Google DeepMind is developing video-to-audio (V2A) technology.

This tech combines video pixels with natural language text prompts to generate “rich soundscapes for the on-screen action."

V2A can generate an unlimited number of soundtracks for any video input.

Video generation models are advancing rapidly, yet many current systems produce only silent videos. A significant upcoming advancement is creating soundtracks for these silent films.
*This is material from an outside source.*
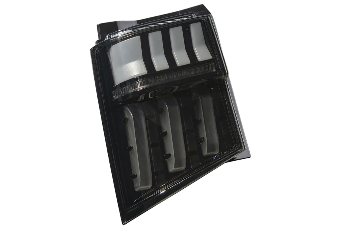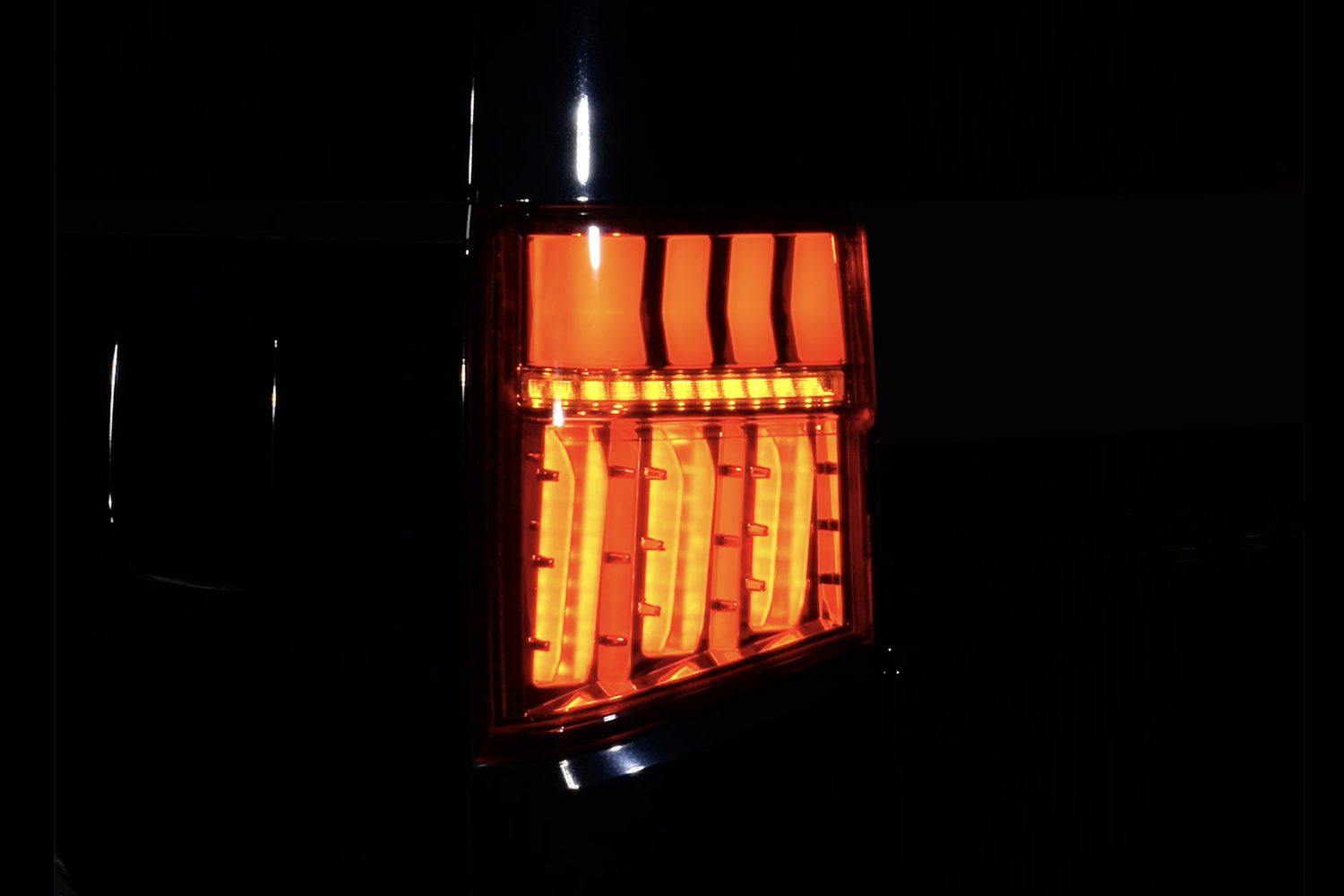 三菱デリカD:5用「ジュエルLEDテールランプURTRA」は、左右合計で110LEDと8LEDバーを採用。LEDバーによるポジションランプ点灯時には、幻想的なリヤビューを演出する。そしてポジション/ブレーキ、ウインカーすべてに高輝度LEDを採用。ブレーキとウインカーはインナーレンズになっているため消灯時もスタイリシュな印象だ。ブレーキ点灯部分をポジション点灯できるブレーキポジションモードを搭載し、点灯パターンを選べるようになっている。

Google DeepMind is developing video-to-audio (V2A) technology, enabling synchronised audiovisual generation and bringing generated movies to life.

Let’s take a look at the details.

Also read: Google Deepmind’s new AI agent ‘SIMA’ will be your in-game teammate: Check details

Google DeepMind new AI can generate audio for videos: Here's how it works

The V2A technology combines video pixels with natural language text prompts to generate “rich soundscapes for the on-screen action,” the company said.

This technology is pairable with video generation models like Veo to create shots with a dramatic score, realistic sound effects or dialogue that matches the characters and tone of a video.

It can also generate soundtracks for a range of traditional footage, including archival material, silent films and more — opening a wider range of creative opportunities.

It’s worth noting that V2A can generate an unlimited number of soundtracks for any video input.

Also read: Google Deepmind’s new AlphaFold 3 AI can model proteins, DNA & RNA: Details here

How it works?

“We experimented with autoregressive and diffusion approaches to discover the most scalable AI architecture, and the diffusion-based approach for audio generation gave the most realistic and compelling results for synchronising video and audio information,” the company said.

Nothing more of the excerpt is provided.